* **Recorded data**

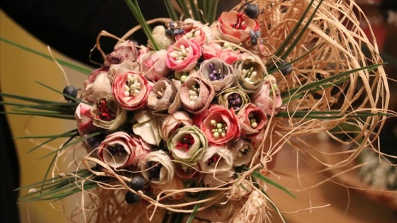Onu kestim, çiçek formuna getirdim. Takılar, yüzükler, tablolar yapıyoruz. Gelin çiçekleri, damat yaka çiçekleri, nikah şekerleri, hasır şapkalar süslüyoruz, hasır terlikler, hasır çanta. Yani yapamayacağınız bir şey yok gibi. Her şey var.
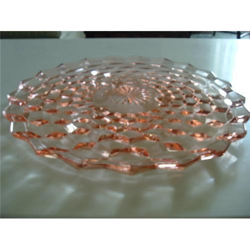 <tr><td>Title:Pink Depression Glass 12" Cake Plate</td></tr>
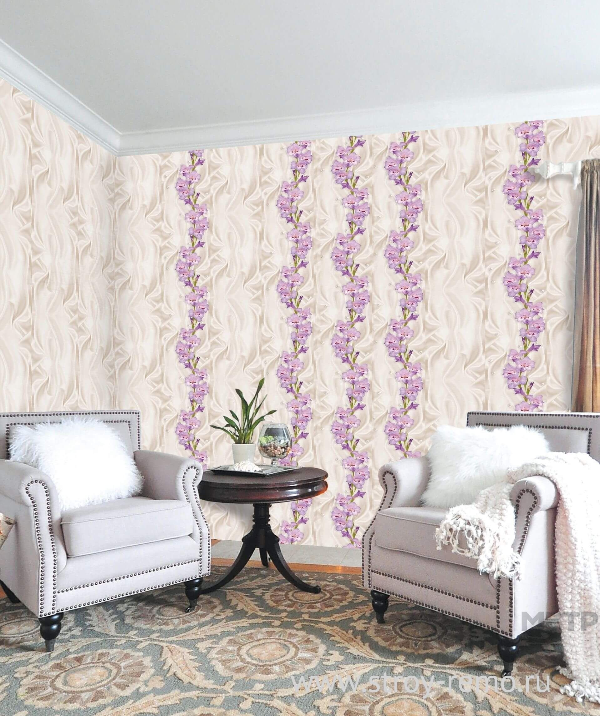 Панель ПВХ Нежный шелк фон 250х2700 мм - лучший вариант для классического и современного пространства. Материал способен выдерживать воздействие влаги, поэтому подходит для ванных и кухонь. Он будет радовать вас долгое время. При этом панели останутся привлекательными внешне и сохранят все свои свойства. Создастся впечатление, будто вы совсем недавно приобрели их.
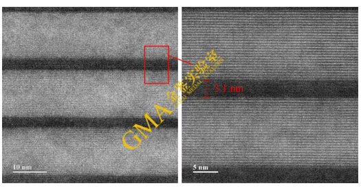 TEM有多种成像模式,可以通过不同的成像模式获取样品的不同信息,金鉴实验室利用高分辨电子显微像HRTEM,能够表征材料原子级别的形貌及结构信息,对量子阱结构厚度进行精确测量,帮助客户在技术研发中把握关键参数。
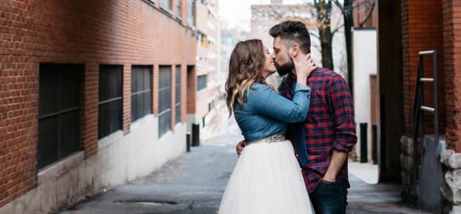 To Claire, three and a half years felt like forever. So when Brian attempted the impossible, to surprise the un-surpriseable Claire, he managed to not only pull it off, but also seal it with a ring. Claire and Brian traveled from their home in New Jersey to Lancaster, Penn., to take their engagement photos, documented beautifully by EarthMark Photography. “In the beginning of our relationship, Brian was living in Lancaster, and I was in New Jersey,” Claire says. “Every week I would take a two hour drive to visit him and we would spend our days off exploring downtown. It felt right to have our engagement shoot in the little city where we fell in love.”
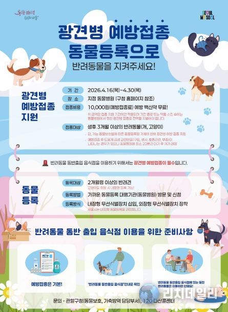 구는 접종 지원기간 동안 광견병 백신을 무료로 지원하며, 보호자는 시술료 1만 원만 부담하면 된다. 접종 가능한 동물병원 현황 등 자세한 사항은 구청 누리집(홈페이지)에서 확인할 수 있다.
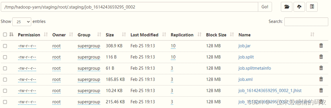 如下图所示,运行 MapReduce 时,上传 Job 资源至 HDFS 目录
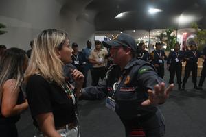 (251120) -- BELEM, 20 noviembre, 2025 (Xinhua) -- Personal de seguridad trabaja en la evacuación de los asistentes tras un incendio en uno de los pabellones de la 30ª Conferencia de las Partes (COP30) de la Convención Marco de las Naciones Unidas sobre el Cambio Climático, en Belém, estado de Pará, Brasil, el 20 de noviembre de 2025. Un fuerte incendio se registró el jueves en uno de los pabellones donde se realiza la COP30 en la ciudad brasileña de Belém, por lo que decenas de personas fueron evacuadas por los Bomberos del estado de Pará a cargo de la seguridad del lugar. (Xinhua/Lucio Tavora) (lt) (ah) (da) (ce)

* **Work item**
The material above holds pictures; leave them out and set down exactly the lines from the line with "구는 접종 지원기간 동안" to the line with "如下图所示,运行 MapReduce 时,上传 Job 资源至 HDFS 目录", both included.

* **Your response**
 구는 접종 지원기간 동안 광견병 백신을 무료로 지원하며, 보호자는 시술료 1만 원만 부담하면 된다. 접종 가능한 동물병원 현황 등 자세한 사항은 구청 누리집(홈페이지)에서 확인할 수 있다.
 如下图所示,运行 MapReduce 时,上传 Job 资源至 HDFS 目录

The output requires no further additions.